§ **Work to complete**: Reproduce only this stretch of the listing below: from the line with "Yağışlar nedeniyle çadırlarını" through the line with "In rete con", exactly as written, with pictures excluded.

※ ※ ※

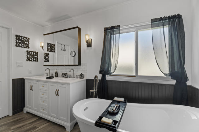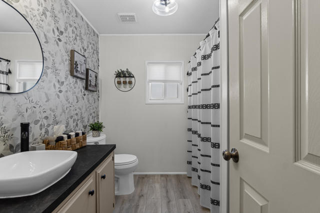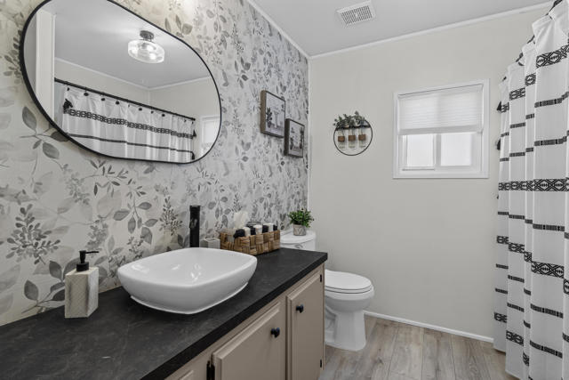 Welcome to this stunningly renovated home in Skys Haven, a vibrant 55+ community packed with amenities--plus, you own the land! Every detail of this home has been thoughtfully updated, starting with a professionally restored roof and brand-new engineered flooring. A versatile bonus room, complete with French doors and a Murphy bed, offers the perfect space for guests or a home office. All windows have been replaced with energy-efficient dual-pane upgrades, while the fully remodeled kitchen is a true showstopper--featuring luxury vinyl flooring, quartz countertops, recessed lighting, a ceramic tile backsplash, refreshed cabinetry with modern hardware, and even a dedicated coffee bar. Stylish new lighting fixtures elevate the dining room and hallway, and the primary bathroom has been transformed into a spa-like retreat with new laminate flooring, a sleek standalone shower, self-supported soaking tub, dual-sink marble vanity, and a toilet with bidet. The guest bathroom has been beautifully updated to match. Step outside to a deck upgraded with porcelain tile and an electric heating system--perfect for enjoying outdoor living in any season. The air conditioning unit is just a few years old and runs like new, keeping things cool and comfortable. The home now sits on a permanent foundation, making it eligible for all loan types. Don't miss your chance to own this remarkable property--schedule a showing today!
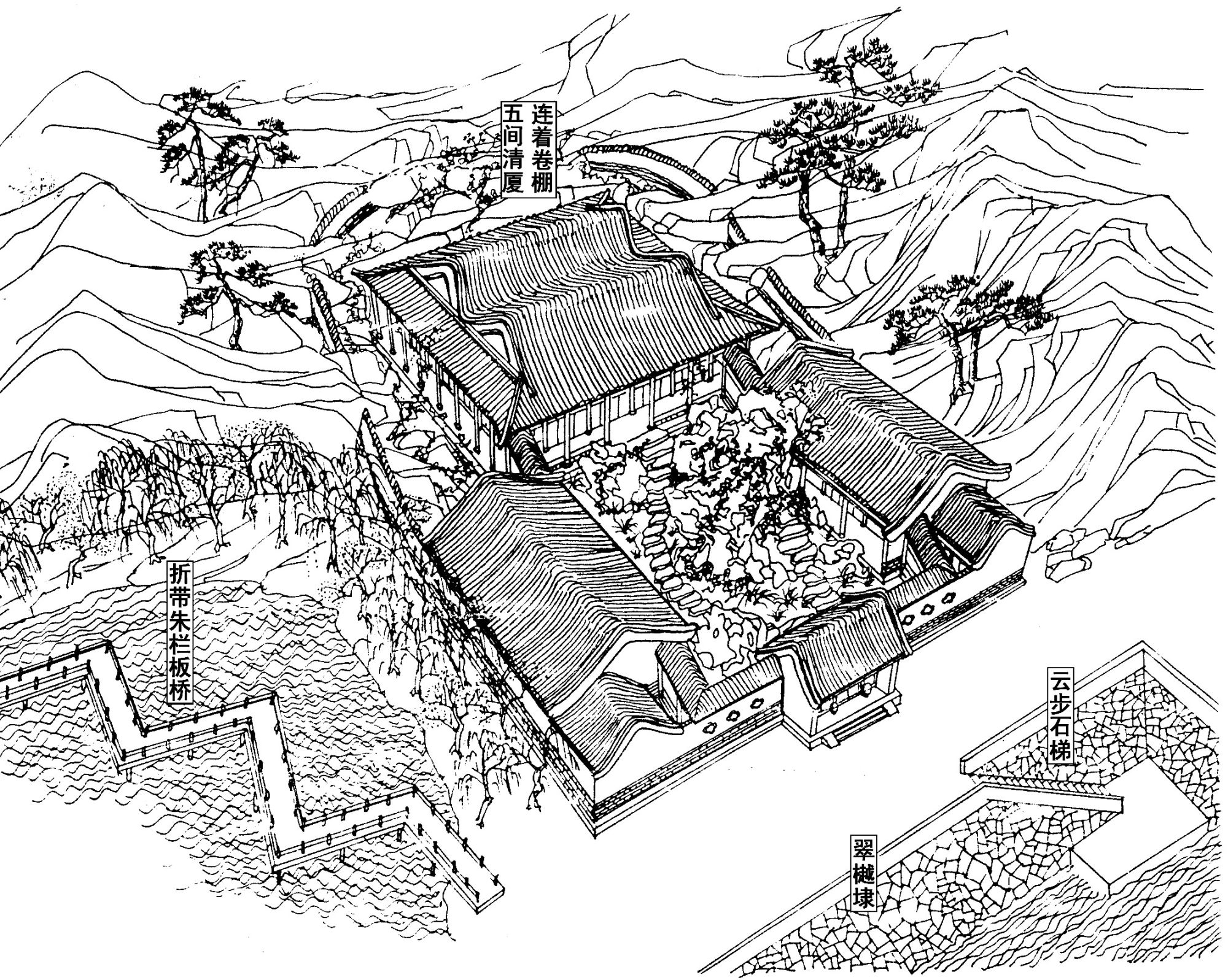 过了“沁芳亭”“有凤来仪”“杏帘在望”三处,缘径循泉,一路来到萝岗石洞。此处并无舟楫可渡,只能攀藤援树,“从山上盘道上去”。宝钗的蘅芜苑赫然出现眼前。
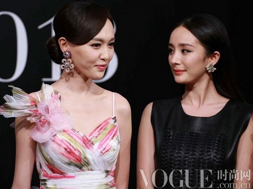 【唐嫣VS杨幂】都是新晋花旦,都是人气颇高的女明星,二人也都选择了花朵造型的耳环,唐嫣的服装配色和耳环相互呼应,整体效果强,而杨幂的黑色礼服仿佛整个人都融在在背景里。
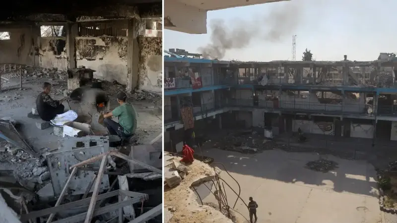 Yağışlar nedeniyle çadırlarını su basan bazı Filistinli aileler Han Yunus'ta bir okula sığındı
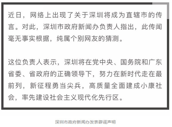 近日,網(wǎng)絡(luò)上出現(xiàn)了關(guān)于深圳將成為直轄市的傳言。
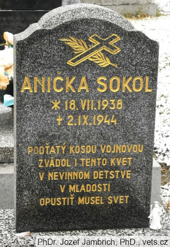 Umístění: Štrba, Dr. Markušovského, obecný cintorín, sektor E vpravo od vchodu oproti domu smútku, hrob č. 300, v strednej častiANIČKA SOKOL
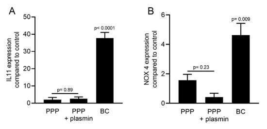 The plasmin-digested PPP fraction at 1500 g did not increase TGF-β target genes expression. Gingival fibroblasts were exposed to 30% of the BC and PPP fraction of PRF lysates prepared at 1500 g and the plasmin-digested PPP fraction. Gene expression analysis indicated that plasmin digestion is not sufficient for PPP to make changes in the expression of IL11 (A) and NOX4 (B). Data represent the mean and standard deviation of three independent experiments. Statistical analysis was performed using ANOVA (n = 3).
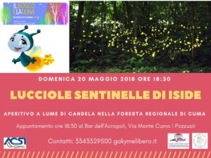 In rete con l’associazione “L’Orto Consapevole” presentiamo anche le date dell’evento” Aperitivo con le lucciole” sempre nella Foresta Regionale di Cuma: domenica 27 maggio, venerdì 1 giugno, sabato 9 giugno.
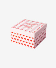 Caja pequeña de San Valentín con corazones, perfecta para regalos pequeños. Cuenta con tapa práctica y un diseño romántico. Ideal también para almacenaje. Disponible en varios tamaños y diseños.

※ ※ ※

§ **Problem solution**:
 Yağışlar nedeniyle çadırlarını su basan bazı Filistinli aileler Han Yunus'ta bir okula sığındı
 近日,網(wǎng)絡(luò)上出現(xiàn)了關(guān)于深圳將成為直轄市的傳言。
 Umístění: Štrba, Dr. Markušovského, obecný cintorín, sektor E vpravo od vchodu oproti domu smútku, hrob č. 300, v strednej častiANIČKA SOKOL
 The plasmin-digested PPP fraction at 1500 g did not increase TGF-β target genes expression. Gingival fibroblasts were exposed to 30% of the BC and PPP fraction of PRF lysates prepared at 1500 g and the plasmin-digested PPP fraction. Gene expression analysis indicated that plasmin digestion is not sufficient for PPP to make changes in the expression of IL11 (A) and NOX4 (B). Data represent the mean and standard deviation of three independent experiments. Statistical analysis was performed using ANOVA (n = 3).
 In rete con l’associazione “L’Orto Consapevole” presentiamo anche le date dell’evento” Aperitivo con le lucciole” sempre nella Foresta Regionale di Cuma: domenica 27 maggio, venerdì 1 giugno, sabato 9 giugno.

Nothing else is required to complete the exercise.